Shedding Light on the Molecular Pathology of Amyloid Plaques in Transgenic Alzheimer's Disease Mice Using Multimodal MALDI Imaging Mass Spectrometry.

机构信息

Department of Chemistry and Molecular Biology , University of Gothenburg , Kemivägen 10 , 405 30 Gothenburg , Sweden.

Department of Psychiatry and Neurochemistry , Sahlgrenska Academy at the University of Gothenburg , Mölndal Hospital, House V3, 43180 Mölndal , Sweden.

出版信息

ACS Chem Neurosci. 2018 Jul 18;9(7):1802-1817. doi: 10.1021/acschemneuro.8b00121. Epub 2018 May 4.

DOI:10.1021/acschemneuro.8b00121
PMID:29648443
Abstract

Senile plaques formed by aggregated amyloid β peptides are one of the major pathological hallmarks of Alzheimer's disease (AD) which have been suggested to be the primary influence triggering the AD pathogenesis and the rest of the disease process. However, neurotoxic Aβ aggregation and progression are associated with a wide range of enigmatic biochemical, biophysical and genetic processes. MALDI imaging mass spectrometry (IMS) is a label-free method to elucidate the spatial distribution patterns of intact molecules in biological tissue sections.

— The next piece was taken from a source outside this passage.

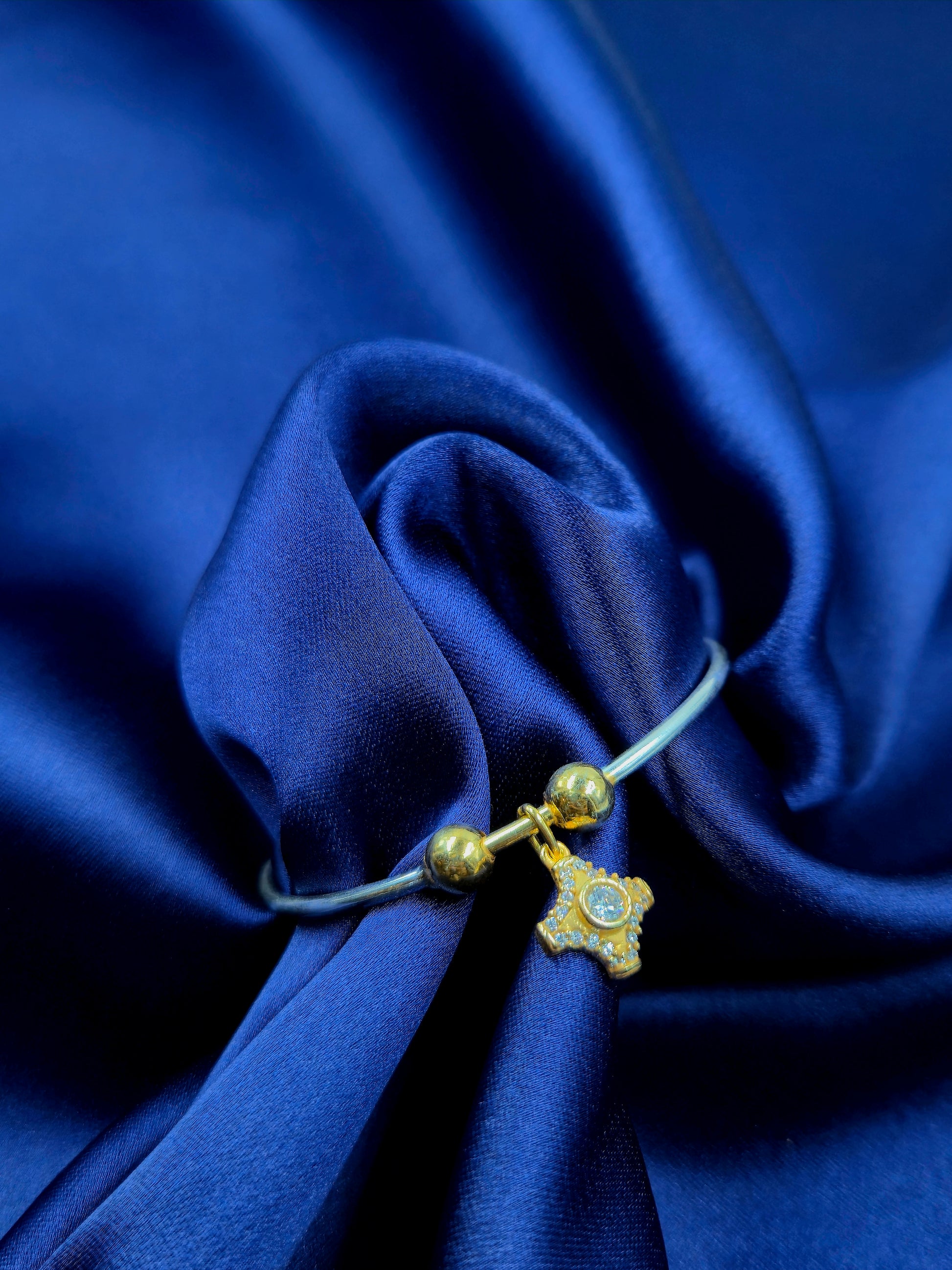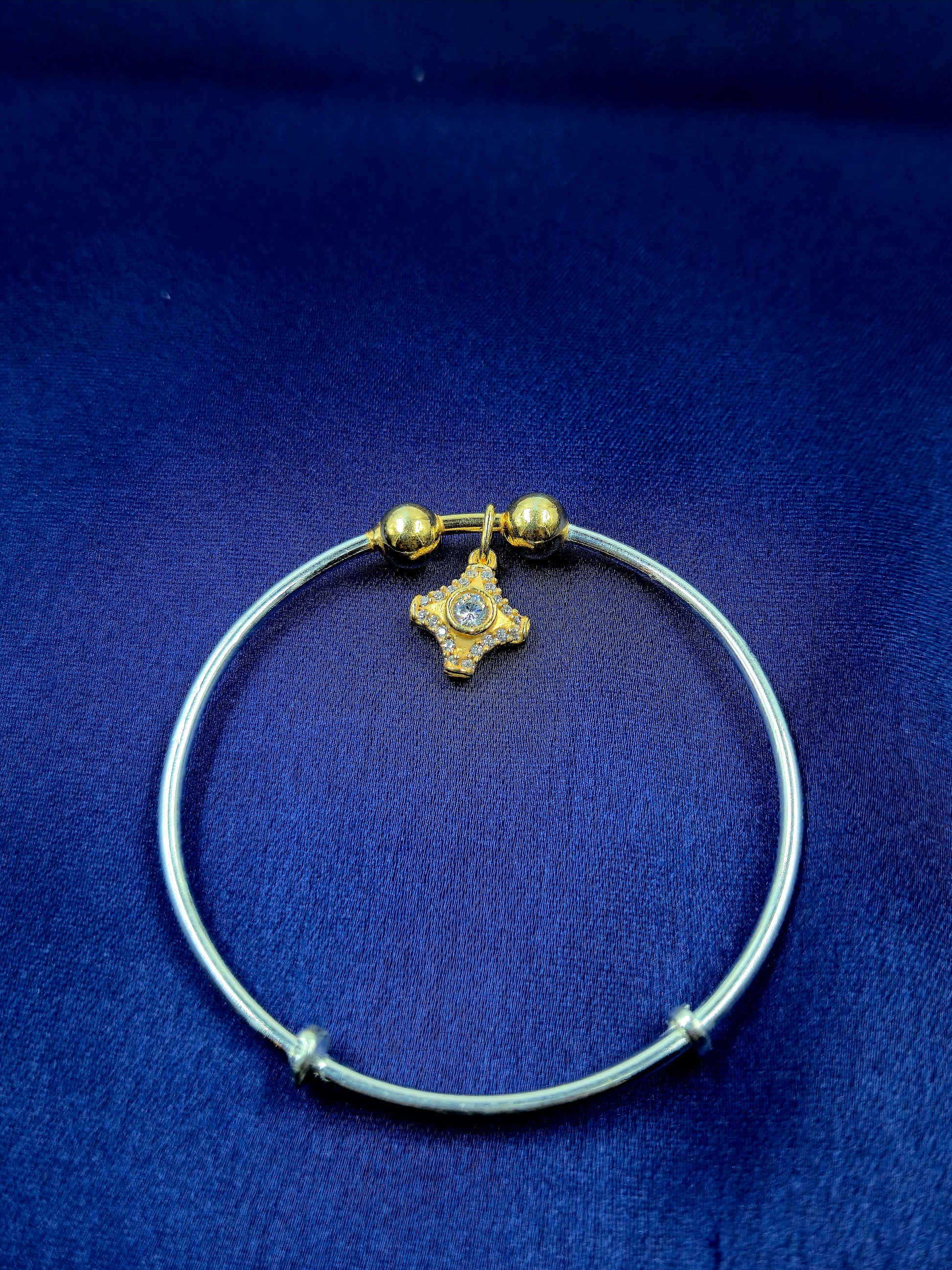 925 Silver Baby Bracelet with golden colour hanging charm.

In this communication, we utilized multimodal MALDI-IMS analysis on 18 month old transgenic AD mice (tgArcSwe) brain tissue sections to enhance molecular information correlated to individual amyloid aggregates on the very same tissue section. Dual polarity MALDI-IMS analysis of lipids on the same pixel points revealed high throughput lipid molecular information including sphingolipids, phospholipids, and lysophospholipids which can be correlated to the ion images of individual amyloid β peptide isoforms at high spatial resolutions (10 μm). Further, multivariate image analysis was applied in order to probe the multimodal MALDI-IMS data in an unbiased way which verified the correlative accumulations of lipid species with dual polarity and Aβ peptides. This was followed by the lipid fragmentation obtained directly on plaque aggregates at higher laser pulse energies which provided tandem MS information useful for structural elucidation of several lipid species. Majority of the amyloid plaque-associated alterations of lipid species are for the first time reported here. The significance of this technique is that it allows correlating the biological discussion of all detected plaque-associated molecules to the very same individual amyloid plaques which can give novel insights into the molecular pathology of even a single amyloid plaque microenvironment in a specific brain region. Therefore, this allowed us to interpret the possible roles of lipids and amyloid peptides in amyloid plaque-associated pathological events such as focal demyelination, autophagic/lysosomal dysfunction, astrogliosis, inflammation, oxidative stress, and cell death.

摘要

由聚集的淀粉样 β 肽形成的老年斑是阿尔茨海默病 (AD) 的主要病理特征之一,据认为是触发 AD 发病机制和疾病其余过程的主要影响因素。然而,神经毒性 Aβ 聚集和进展与广泛的神秘生化、生物物理和遗传过程有关。基质辅助激光解吸电离成像质谱 (MALDI-IMS) 是一种无标记的方法,可以阐明生物组织切片中完整分子的空间分布模式。在本通讯中,我们利用多模态 MALDI-IMS 分析对 18 个月大的转基因 AD 小鼠 (tgArcSwe) 脑组织切片进行分析,以增强与同一组织切片上单个淀粉样蛋白聚集相关的分子信息。对同一像素点的脂质进行双极性 MALDI-IMS 分析,揭示了包括鞘脂、磷脂和溶血磷脂在内的高通量脂质分子信息,这些信息可以与单个淀粉样 β 肽异构体的离子图像相关联,具有高空间分辨率 (10 μm)。此外,还应用了多元图像分析方法,以便以无偏的方式探测多模态 MALDI-IMS 数据,该方法验证了脂质种类与双极性和 Aβ 肽的相关性积累。接着,在更高的激光脉冲能量下,直接在斑块聚集体上获得脂质碎片,提供了有用的串联 MS 信息,有助于几种脂质种类的结构阐明。大多数与淀粉样斑块相关的脂质种类的改变都是首次在这里报道。该技术的意义在于,它允许将所有检测到的斑块相关分子的生物学讨论与同一单个淀粉样斑块相关联,从而可以深入了解特定脑区中甚至单个淀粉样斑块微环境的分子病理学。因此,这使我们能够解释脂质和淀粉样肽在与淀粉样斑块相关的病理事件(如局灶性脱髓鞘、自噬/溶酶体功能障碍、星形胶质细胞增生、炎症、氧化应激和细胞死亡)中的可能作用。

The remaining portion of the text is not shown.